The national pay tribunal in 2012 awarded the community sector's mostly female workforce wage rises of 19 to 41 per cent, phased in over eight years, in recognition that their work had been undervalued because of their gender.
Southern Youth and Family Services chief executive Narelle Clay (r) and youth worker Amy Hans are worried about the future of government funding for community services.Credit:Rhett Wyman
The final stage of the increase, most of which is covered by state and federal governments that fund many of the programs in the sector, comes into effect in December.
But a dedicated pot of money for community organisations dependent on federal support – the SACS Special Account – will run dry next year unless it is renewed at a cost of about $576 million annually.
Research by the left wing Australia Institute think tank forecasts this could result in 12,000 job losses or effective pay cuts per worker of up to $15,000 a year.
Australian Services Union NSW branch secretary Natalie Lang said next month's federal budget was a key date for funding because community organisations were already being asked to sign multi-year contracts without the additional money.
"It will definitely set the progress that has been made in this sector on closing the gender pay gap back [if the funding is not renewed] and that will have a flow-on effect to gender pay equality in Australia," Ms Lang said.
Economist Jim Stanford, author of the research paper, estimates about 57,400 workers are dependent on the federal funding.
Pay levels are set in the award so they cannot be changed directly but Dr Stanford argues employers could put staff on lower duties, use more contractors and cut back on allowances if the federal government funding isn't continued.
Social Services Minister Anne Ruston said she was in discussions with the sector about what to do with the special funding from next year.

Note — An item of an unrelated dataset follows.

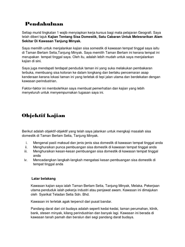 Kerja Kursus Geografi Tingkatan 1 Sisa Domestik Kawasan Kajian

'It will definitely set the progress that has been made in this sector on closing the gender pay gap back [if the funding is not renewed].'
"I have made a commitment to work with the sector on how to … best ensure the long-term sustainability of our social services system in a way that delivers real and long-lasting benefits for those who need its support," Senator Ruston said.
"As the government has demonstrated through our response to COVID-19, we are absolutely committed to supporting jobs and keeping people connected to the workforce and decisions we make will be informed by those priorities."
Narelle Clay, chief executive of Southern Youth and Family Services, which operates in the bushfire-ravaged southern region of NSW, said her staff were struggling with uncertainty.
"That's doing terrible things to their mental health, to their morale and to agencies' planning going forward if you're afraid you'll have a terrible cut to your budget," Ms Clay said, who is also an ASU official.
She believes about a third of the staff on the Commonwealth-funded programs her organisation delivers, which include help to people battling homelessness and working through family breakdowns, will be at risk if the funding disappears.
Most social organisations are dependent on government funding and state governments have largely agreed to continue funding their share of the wage increases.
The peak industry body, the Australian Council of Social Service, said the pandemic had increased demand for community support, which made it a bad time for uncertainty over funding.